Statistically speaking, the current cyclical bull market is approaching old man age while it has managed to more than double from its lows; therefore the most likely outcome is that we are in the last inning of this cycle. In other words, a topping process has most likely already began. Let us focus on the market breadth to further scrutinise this theory.
Currently, S&P 500 is only 3% away from its 52 week highs. Majority of the bulls would claim that this type of price action shows remarkable strength, especially with the Eurozone backdrop constantly making investors nervous. However, things do not look that healthy for the internal market dynamics. If someone told me that S&P is only 3 or so percent away from making a new bull market high, I would image broad breadth participation. Quite to the contrary, the chart above shows that we actually have less than ⅔ of stocks above the 200 day moving average or in an uptrend. Two major points to consider regarding this observation:
  • S&P 500 itself is 73 points or 5.5% above its 200 day MA, while less than ⅔ of the index are above their respective 200 day MAs, indicating that the current rally is pushed higher by fewer and fewer index components.
  • Last time S&P 500 traded in 1370s range was in the middle of April 2012. At the same time, the breadth readings back than were around 80 plus percent of stocks above the respective 200 day MAs, which is far less than today despite same price range.
These are not the only worries I have regarding internal market breadth. It has becomes obvious to a keen market observer that more and more "fundamentally strong" stocks are breaking down from their uptrends. The recent ones worth noting are McDonalds, Nike, Google, Caterpillar, Procter & Gamble among others. Furthermore, in general there are less and less stocks making new 52 week highs since this bull market began in March 2009 for both NY Stock Exchange as well as Nasdaq Stock Exchange. That tells us the fuel tank is starting to approach the empty signal. Finally, breadth weakness is also evident by following S&P 500 index against the S&P 500 equally weighted index (known as the Value Line). The Value Line never properly confirmed new S&P highs in 2012 and furthermore, has been under performing the official index since May 2011.
Moving along, let us also examine the recent rally out of early June lows. I would like to make another observation: the recent S&P 500 rally has mainly been of defensive sector rotating nature. Price action of Utilities, Staples, Telecom and Health Care are making new highs in the current bull market; while economically sensitive cyclical sectors like Technology, Discretionary, Financials and Industrials are posting anaemic bounce rallies at best.
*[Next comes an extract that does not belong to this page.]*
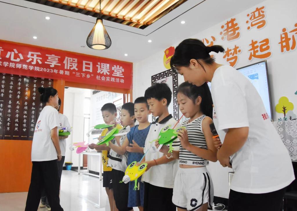 本站讯(师范学院 李静)为锻炼学院学子的社会实践能力,进一步提高同学们的语言文字规范意识和推广普通话参与意识,营造良好的语言文字环境,8月23日,师范学院在上高县塔下乡新时代文明实践所开展以“推普助力乡村振兴,童心乐享假日课堂”为主题的社会实践活动。本次活动得到上高县乡两级政府部门领导的高度重视,出席本次活动的有共青团上高县委员会书记吴琼、塔下乡党委书记胡自然、党委副书记章文奇,英国上市公司365师范学院院长肖勇、党总支副书记任玉慧、辅导员代表、学生代表以及塔下乡二十余名留守儿童。

Furthermore, the table above shows that the long term breadth in these cyclical sectors is below par, especially with Technology and Semiconductors, where the breadth is below 50% readings.
In early 2007 as the S&P 500 was making new highs both the Financial as well as Discretionary sectors were under-performing on a relative basis.  This was the beginning of a topping process and by March 2008 the market was falling hard. In early 2011 both Technology and Financial sectors started under performing on a relative basis. This also proved to be a top for the S&P and by August 2011 the market crashed as it came within 1% of an official 20% bear decline. Currently, we can conclude that on a relative basis against the S&P index, cyclical sectors that are highly sensitive to the economy, are breaking down on a relative basis once again. Most likely another topping process has begun.
And while Mr Market is giving us keen observers "hints" that not all is right within the current bull market, majority of global fund managers are not listening. Recent Merrill Lynch Fund Managers Survey showed that relative to its decade long history, Technology and Discretionary sectors are heavily overweighted right now. As a matter of fact, Discretionary is close to 2 standard deviations overweight. I find it remarkable that fund managers are this bullish at present just as the economy is starting to weaken meaningfully around the globe.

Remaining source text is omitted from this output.